Take nothing but the lines from the one with "こちらの見晴休憩所の脇がテン" through the one with "A brilliant comeback!" in the entries below, both ends kept, and return them exactly with pictures left out.
------------------------------------
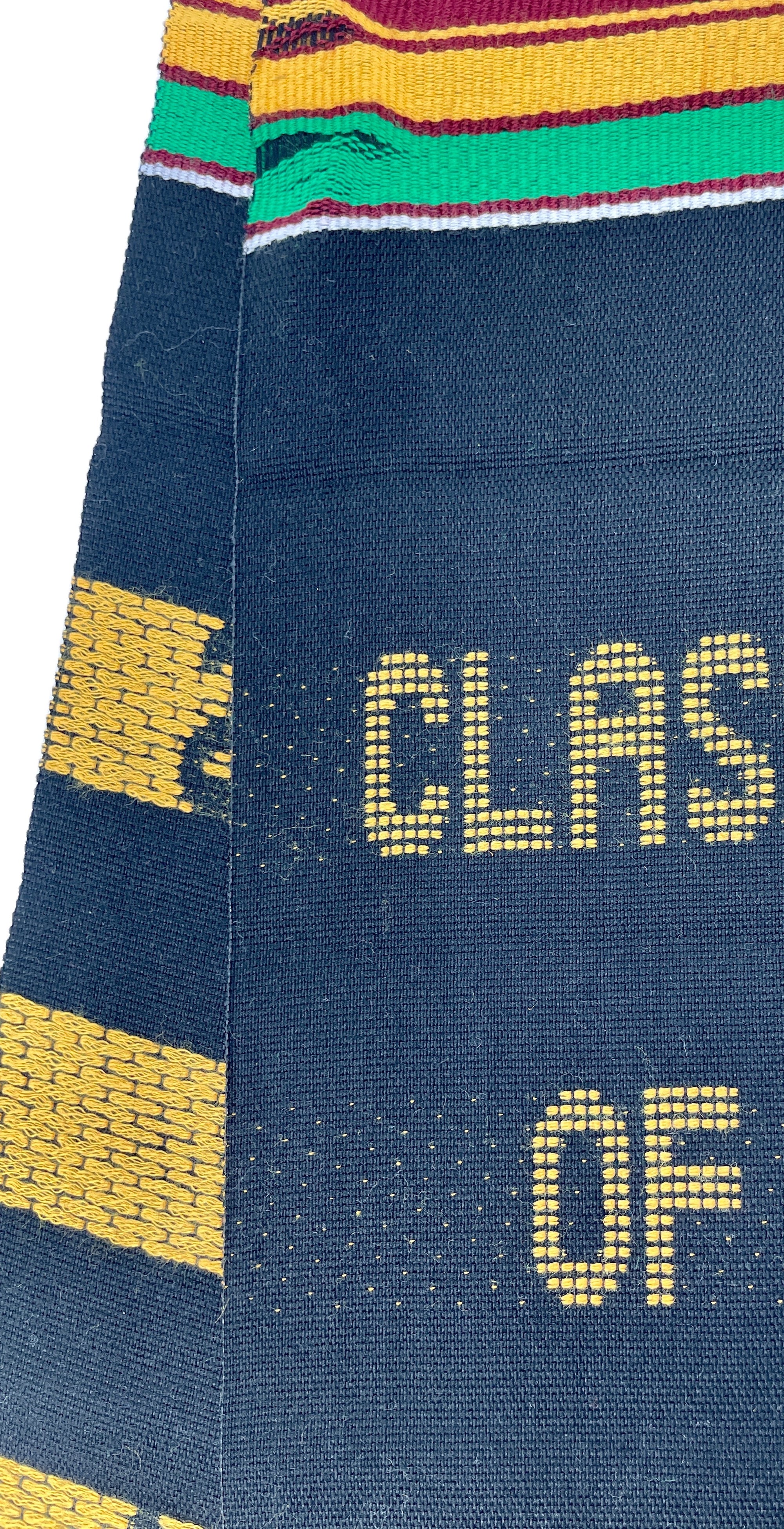 What sets our stoles apart is the hand-embroidered craftsmanship. Even the letters are meticulously hand-woven into the threads as the fabric is created, adding a personal touch to the design.
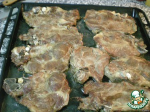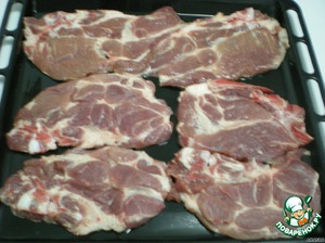 Противень чуть-чуть сбрызнуть водой. Выложить мясо, присолить поперчить и можно отправлять в духовку. -
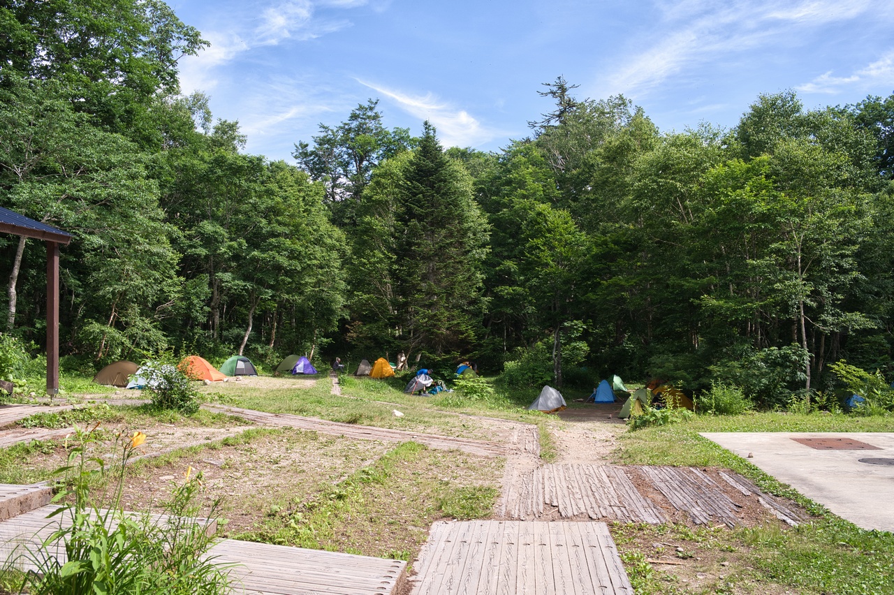 こちらの見晴休憩所の脇がテント場になっています。トイレと水道が完備している他に、なんとWi-Fiまであります。至れり尽くせりではありませんか。
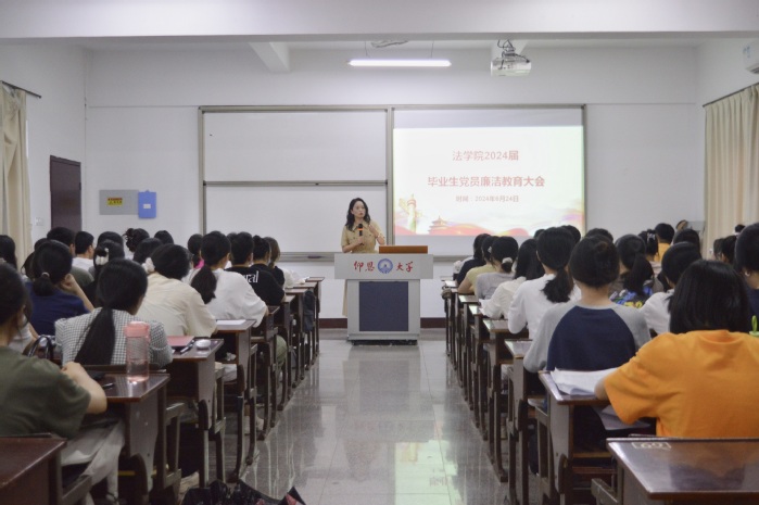 为加强廉洁意识,提高党性修养,铸就廉洁品格,助力毕业生党员在新的岗位上书写时代华章。6月24日,beat365官方网站学生支部于普照楼204召开毕业生党员廉洁教育大会,由beat365官方网站党总支书记兼副院长杨勤主持,beat365官方网站党总支副书记林媛、beat365官方网站学生党支部书记吴姗姗出席,全体毕业生党员参加。
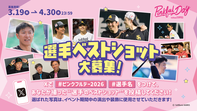 ハッシュタグ「#ピンクフルデー2026 #選手名」を付けて、ご自身がこれまでに撮影したホークス選手の写真を投稿してください。
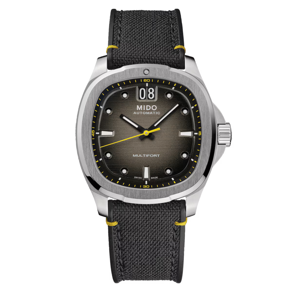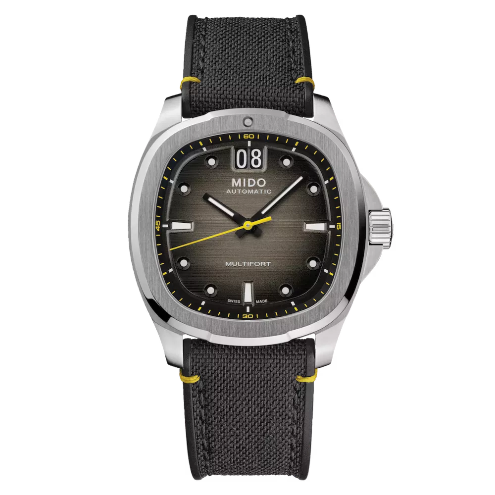 A brilliant comeback! Born of MIDO's extraordinary heritage, the TV-shaped case returns to center stage for the Multifort TV Big Date, as intense as it is precise, thanks to its formidable mechanical movement. The modern and dynamic design of this Swiss watch is underscored by a striking horizontal brushed dial and its distinctive feature: the BIG DATE inscription at 12 o'clock. Its formidable latest-generation automatic movement, Calibre 80, is equipped with a high-tech Nivachron™ balance spring that offers exceptional resistance to shocks and magnetic fields.
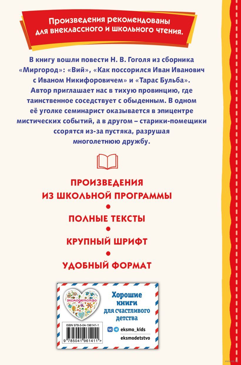В книгу вошли повести Н. В. Гоголя из сборника "Миргород": "Вий", "Как поссорился Иван Иванович с Иваном Никифоровичем" и "Тарас Бульба". В своих произведениях писатель мастерски сочетает юмор, яркие народные характеры и исторические мотивы, показывая, как в смешном и пугающем отражается подлинная человеческая жизнь.
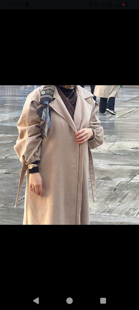Bej renkte uzun kesim kadın kaban, salaş fit ve yaka detayında kesik bulunur. Yumuşak ve sıcak kumaştan, uzun kollu, gündelik sokak tarzına uygun.
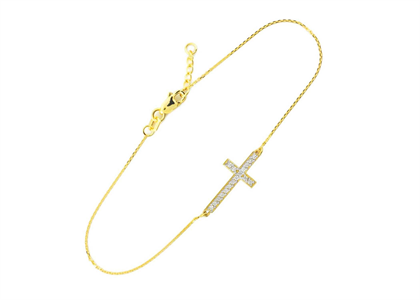 Embellish your wrist with this cute Sideways Cross Bracelet, delightfully crafted from the finest 14 KT Rhodium Plated and finished with a perfect high polish
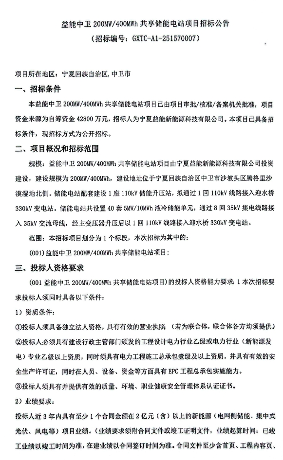 要求投標(biāo)人近3年內(nèi)具有至少1個合同金額在2億元(含)以上的新能源(電網(wǎng)側(cè)儲能、集中式光伏、風(fēng)電等)項目業(yè)績。
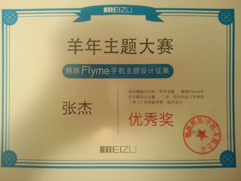 在2015年魅族手机官网举办的羊年主题设计大赛中,艺术学院动漫工作室的张杰、赵秀博同学的原创设计作品《羊咩咩》,通过手绘的形式将羊年的卡通形象生动再现,创作灵感来源于“会上树的羊”,再加上丰富的想象力,更出于贴近生活的考虑,将其拟人化,运用丰富有趣的形态设计出羊年主题。赋以唯美、个性、可爱的主题角色,形成鲜明的主题风格,给用户带来完美体验,在此次比赛中得到了用户们的喜欢和认可,获得手机界面羊年主题设计全国第四名的好成绩。
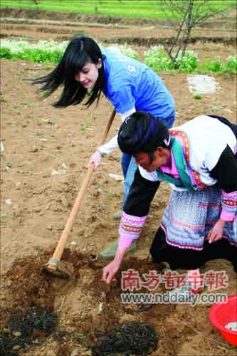 身為“樂施會(huì)中國發(fā)展基金”樂施大使(編者注:樂施大使不止一個(gè),胡杏兒、何韻詩等不少香港藝人都以這一身份積極參與樂施會(huì)的慈善活動(dòng))的周慧敏,于月前赴云南祿勸縣馬櫻花村探訪當(dāng)?shù)卮迕,親身體驗(yàn)樂施會(huì)在當(dāng)?shù)赝菩小爸俗灾狈鲐毠ぷ鞯某尚А?/p>
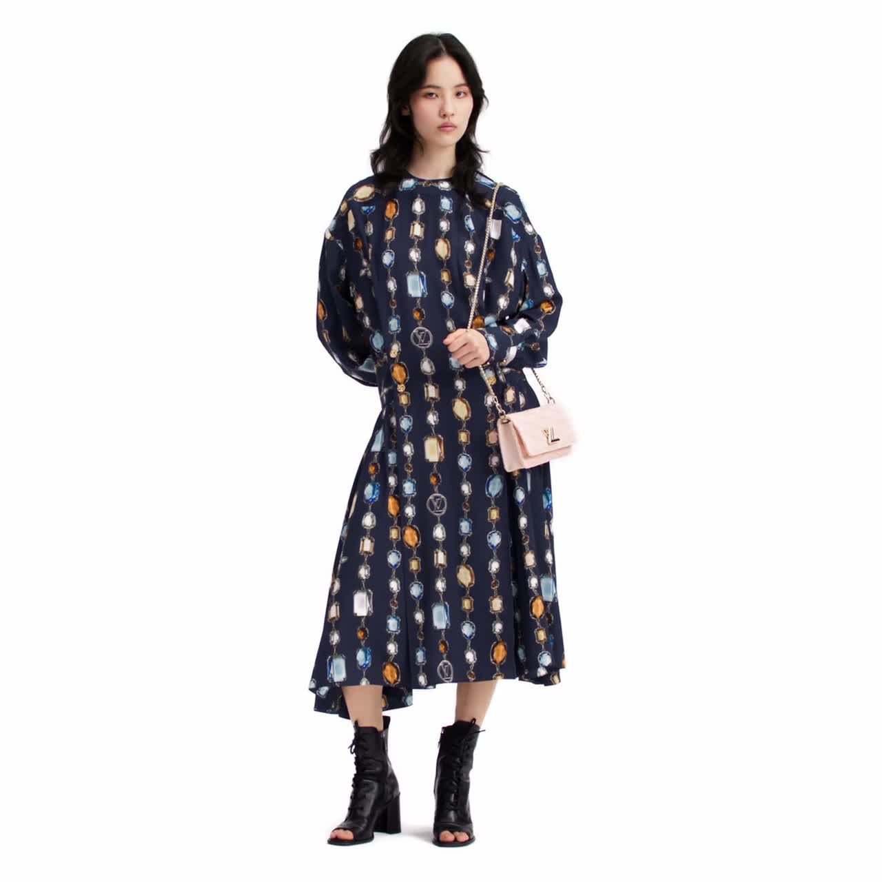 L'abito a maniche lunghe, realizzato in seta crêpe de chine fluente, presenta un'elegante silhouette caratterizzata dal punto vita definito e dalla gonna a mezza lunghezza. Il capo è impreziosito da una stampa oversize dell'originale motivo di collana distintivo della stagione, che combina dettagli emblematici e pietre preziose. I polsini sono decorati da bottoni dorati con finitura martellata.
------------------------------------
EXPECTED ANSWER »
 こちらの見晴休憩所の脇がテント場になっています。トイレと水道が完備している他に、なんとWi-Fiまであります。至れり尽くせりではありませんか。
 为加强廉洁意识,提高党性修养,铸就廉洁品格,助力毕业生党员在新的岗位上书写时代华章。6月24日,beat365官方网站学生支部于普照楼204召开毕业生党员廉洁教育大会,由beat365官方网站党总支书记兼副院长杨勤主持,beat365官方网站党总支副书记林媛、beat365官方网站学生党支部书记吴姗姗出席,全体毕业生党员参加。
 ハッシュタグ「#ピンクフルデー2026 #選手名」を付けて、ご自身がこれまでに撮影したホークス選手の写真を投稿してください。
 A brilliant comeback! Born of MIDO's extraordinary heritage, the TV-shaped case returns to center stage for the Multifort TV Big Date, as intense as it is precise, thanks to its formidable mechanical movement. The modern and dynamic design of this Swiss watch is underscored by a striking horizontal brushed dial and its distinctive feature: the BIG DATE inscription at 12 o'clock. Its formidable latest-generation automatic movement, Calibre 80, is equipped with a high-tech Nivachron™ balance spring that offers exceptional resistance to shocks and magnetic fields.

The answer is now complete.